Hidden Markov models (HMMs) have been widely used to model the temporal behaviors of facial expressions from image sequences. HMMs are able to model temporal dependencies. HMMs are probabilistic models which consist of a countable number of states, transitions, and corresponding emissions. HMMs are easy to model but variable by the parameters that describe them.

Researchers proposed many techniques based on neural network’s approach to recognize the facial expressions. The neural networks can easily implement the mapping from the feature space of face images to the facial expression space.

In addition, neural networks can work well for tackling the pattern classification issues in engineering [5, 6]. The neural network has been used in several problems in image classification for image processing. Researchers have developed various NN structures in accordance with their problem. After the network is trained, the generative model can be tested. To achieve optimization, you have the flexibility to fine-tune hyperparameters and customize the neural network architecture by incorporating specific layers. In fact, a variety of optimization tools has been employed in neural networks to learn from past experiences and use that prior training to identify new patterns and classify new sentimental data.

We have recently witnessed a progress in the use of deep learning (DL) for neural networks leading to classification [710]. Facial expression recognition in videos is an active area of research in computer vision. Accordingly, researchers in this field are interested in developing techniques to interpret facial expressions, code them, and extract their features in order to have a better prediction of emotions. Capitalizing on the remarkable success of deep learning, various architecture types are harnessed to attain superior performance.
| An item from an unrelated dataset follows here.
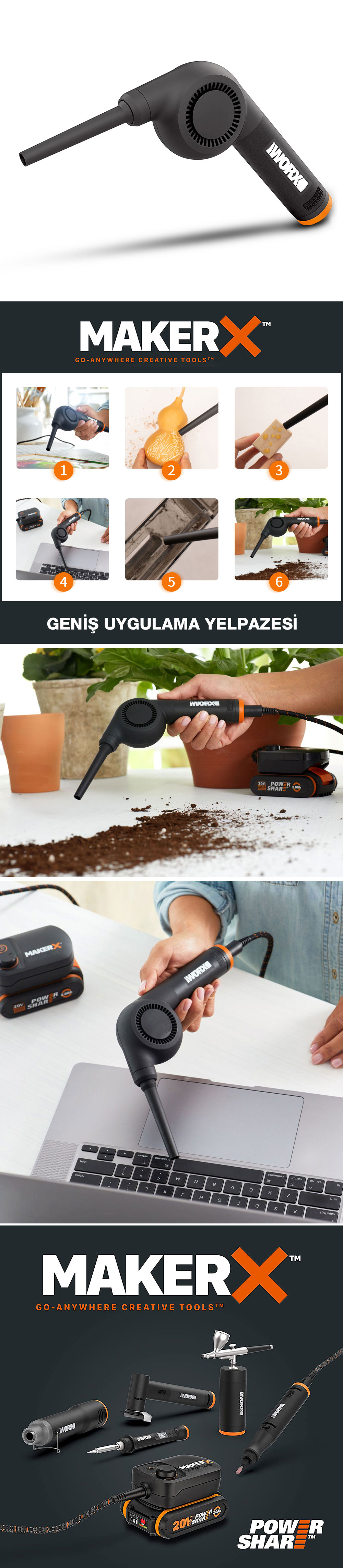 · Akü ve Şarj cihazı hariç satılan tüm MAKERX serisi ürünleri amper değeri fark etmeksizin satın alacağınız 20Volt WORX akü, şarj cihazı ve WA7160 veya WA7161 HUB-HUBX ayarlanabilir güç kaynakları ile kullanabilirsiniz.
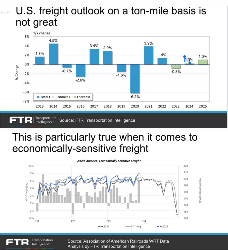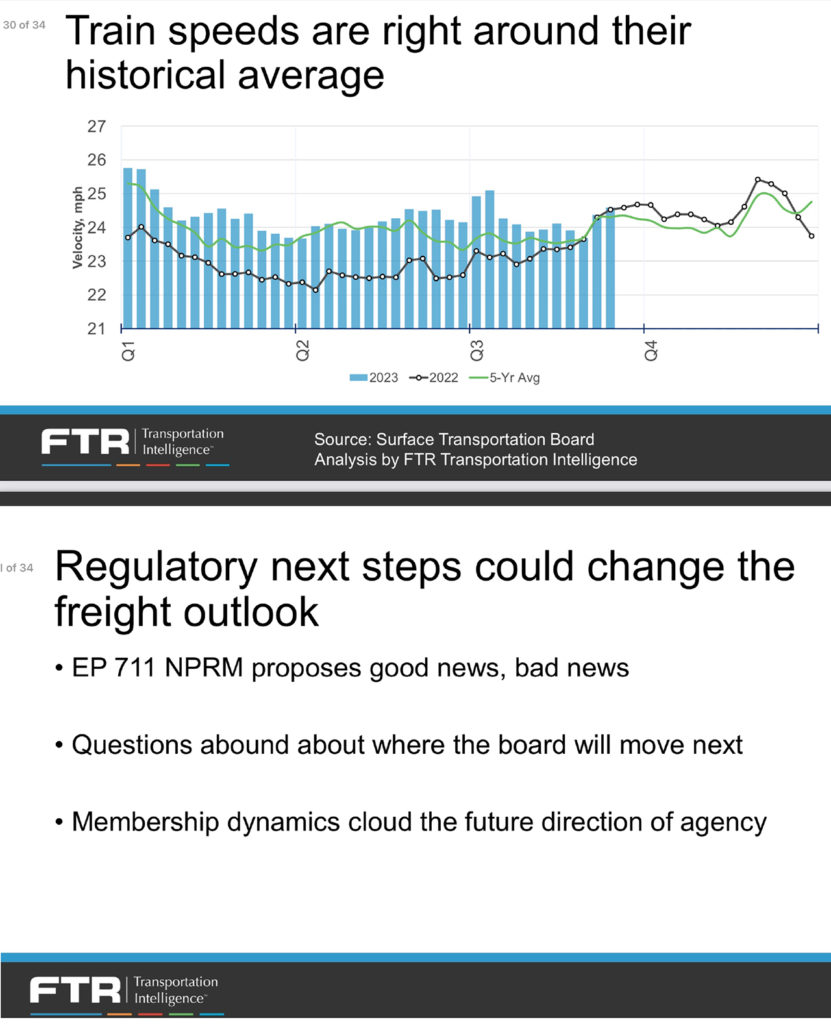 Jim Blaze reporting on the NEARS (Northeast Association of Rail Shippers) Fall 2023 Conference: FTR Transportation Intelligence Vice President Rail and Intermodal Todd Tranausky and his colleagues conduct high-quality research. They are one of my recommended (and depended upon) independent freight intelligence observers and reporters I recommend and use for monitoring and trying to predict railroad competitive market forces.

The remainder of this paper is organized as follows: Section 2 reviews and discusses the previous approaches used for expression recognition. Section 3 describes the proposed work. Section 4 introduces the results and discussion. Section 5 concludes this paper.

2. Previous Work

Sinha and Aneesh [9] embedded the handcrafted features in the training process of the network in order to reduce the difference between the features learned by deep networks and the handcrafted ones. Their work was based on the HoloNet with feature loss (HNwFL) for feature learning and the fusion network for recognition. In HNwFL, the handcrafted feature information was integrated into the HoloNet and the new feature loss was tested on CK+, JAFFE, and FER2013 datasets. When compared with other works, this network obtained the best accuracy with a 97.35% on the CK+ dataset. In fact, the suggested network provided much better accuracy than the network which did not include feature loss as well as the original handcrafted feature.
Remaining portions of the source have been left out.